Pickled silver carp
Calories, kcal: 146 Proteins, g: 9.9 Fats, g: 10.3 Carbohydrates, g: 3.3
Silver carp is a gregarious, pelagic, large fish belonging to the Carp order, the Ray-finned class. Silver carp has a moderately long, medium-sized body covered with light silvery scales, yellow fins, a broad head with a high forehead, a large mouth and small eyes below the level of the mouth. Silver carp is a large fish; in its natural environment, its weight can reach 20 kg, and its length is over 1 meter.
The fish lives mainly in the basins of the Amur River, in lakes and rivers of China and thanks to acclimatization in the Russian Federation, namely in the European part.
The fish is not predatory. The silver carp feeds on algae and phytoplankton, and also eats large amounts of blue-green algae (brilliant green). People have learned to use fish eating habits for their own purposes (calorizator). To maintain water in artificial reservoirs and clean them of "greenery", experts suggest keeping silver carp, since in the course of its life it carries out cleaning work.
Calorie content of pickled silver carp
The calorie content of pickled silver carp is 146 kcal per 100 grams of product.
Composition of pickled silver carp
Silver carp meat contains vitamins A, B1, B2, microelements: potassium, sodium, sulfur, phosphorus.
Silver carp marinated in cooking
Silver carp is a popular fish in cooking, it is baked and fried, and first courses are made from it. When preparing dishes, use whole fish or fillets. Silver carp caviar is also very popular.

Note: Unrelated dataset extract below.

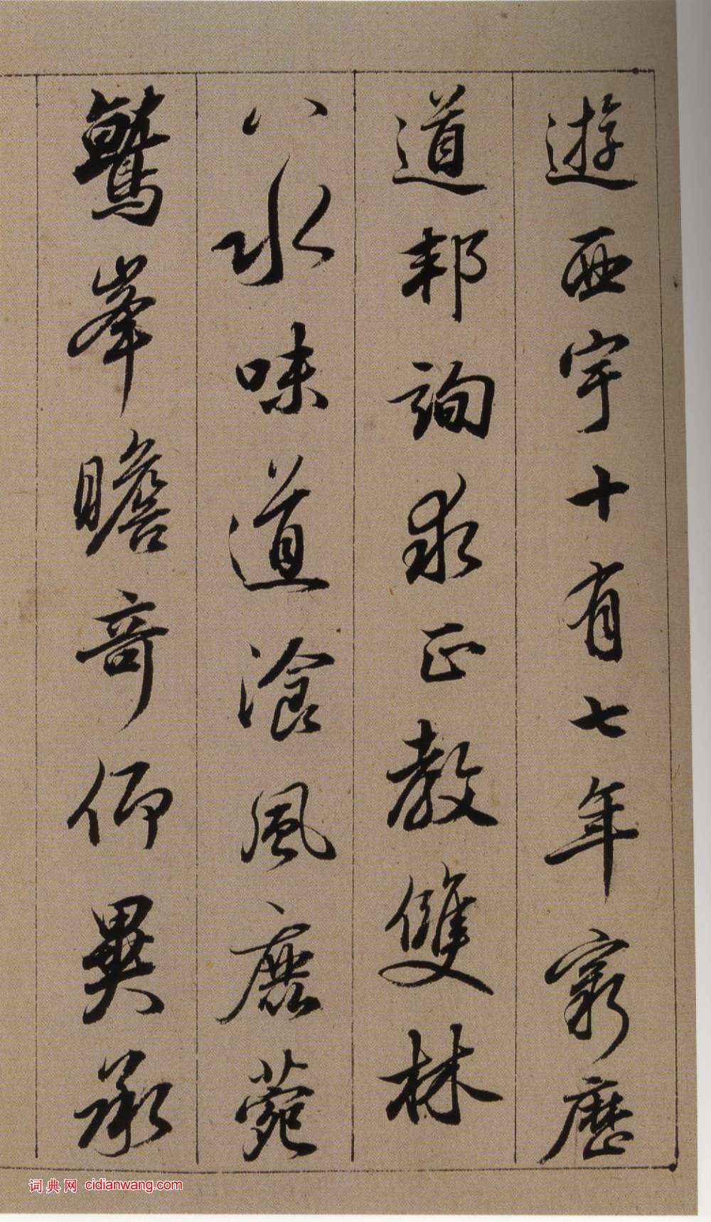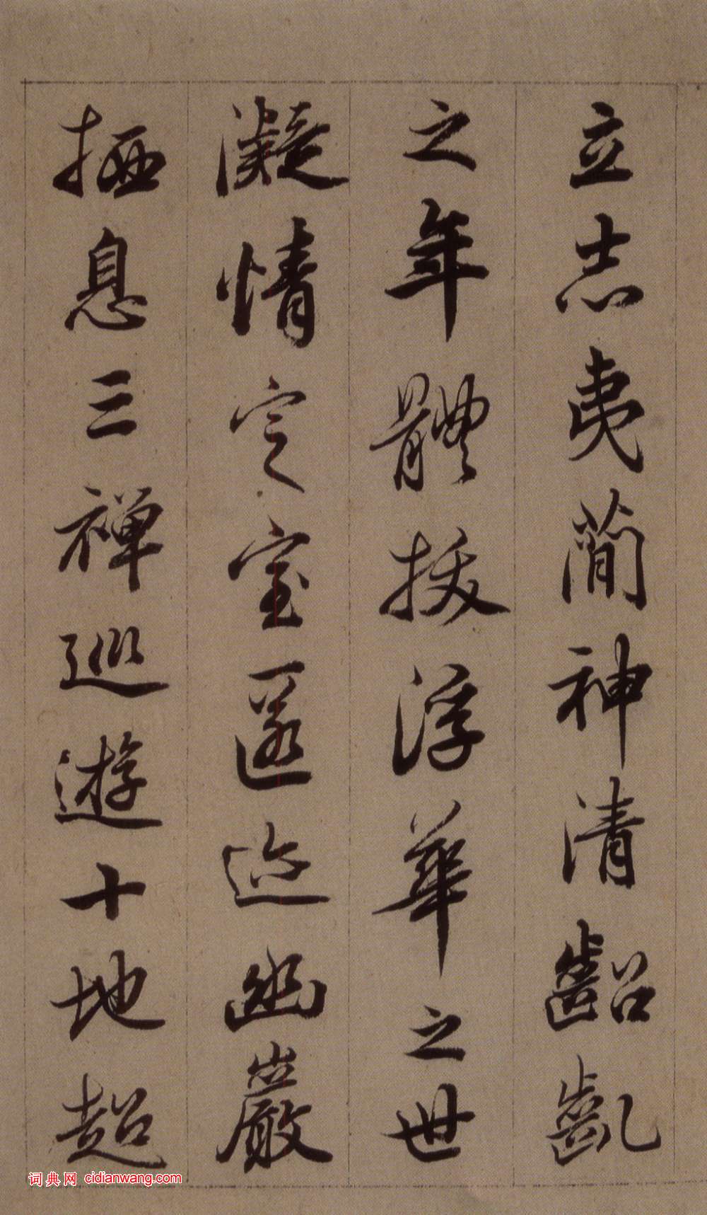 查升此臨本筆致極為靈動飄逸,緊緊扣住“秀”字鋪展開來,結字上基本忠實於原作,再現了王字的那種灑脫自然的風神,書寫時的行雲流水般的一氣呵成,避免了原作集字的局限,顯得渾然一體,仿佛天成。查升用筆極為精熟,幾無敗筆,筆勢往來綿綿不絕,上下貫通,左呼右應,極盡筆墨之妙,婉而通,通而靈,靈而妙,妙而神,有賞心悅目之感誠非虛言。寫王字的難度在於靈動中要保持一份沉著,自然要存有幾分謹嚴,飄浮輕滑是寫王字的大忌,而查升此作能在飄逸中留得住、把得穩,真令人嘆服。上佳的書法作品能在筆勢動作中汩汩流溢而出一股神韻和清氣,而不僅僅是功力再現,它綜合體現了一個書家的學問修養、胸襟氣度,查升此作給人以清朗俊爽的神采,胸中逸氣撲面而來,我在翻檢《中國書法大辭典》時看到他的另一幅行書聯也有此種特點,觀其字仿佛與仙遊道人一晤,亦似觀舞變幻莫測的太極劍法。那種靈動與恰到好處的提按頓挫體現了書家的深厚功力。

It should be noted separately the following type of fish products, like pickled silver carp, which stands out for its high consumer and taste qualities. Pickled silver carp can be purchased at any supermarket, but fish connoisseurs know that the best taste comes from cooking this dish on your own.

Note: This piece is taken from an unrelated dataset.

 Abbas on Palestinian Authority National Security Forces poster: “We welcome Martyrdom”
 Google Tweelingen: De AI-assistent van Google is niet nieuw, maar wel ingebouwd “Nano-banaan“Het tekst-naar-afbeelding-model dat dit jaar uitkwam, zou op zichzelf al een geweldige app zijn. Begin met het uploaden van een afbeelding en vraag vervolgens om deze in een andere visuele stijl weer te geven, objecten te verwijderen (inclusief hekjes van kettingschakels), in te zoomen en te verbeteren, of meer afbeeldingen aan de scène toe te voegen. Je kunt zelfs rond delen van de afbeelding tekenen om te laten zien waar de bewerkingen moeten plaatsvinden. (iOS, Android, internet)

Before preparing the dish, the fish is cleaned, gutted, thoroughly washed, cut into pieces. When preparing pickled silver carp, you can use both fillets and whole fish. Small pieces of fish are salted and left alone for 5 hours. Then the pieces are washed and pickled using water and vinegar 9%, vegetable oil, peppercorns, cloves and bay leaves. The fish should be marinated for about 2 hours (calorizer). To emphasize the taste of marinated fish, it is served on the table with green and onions, as well as dill and parsley.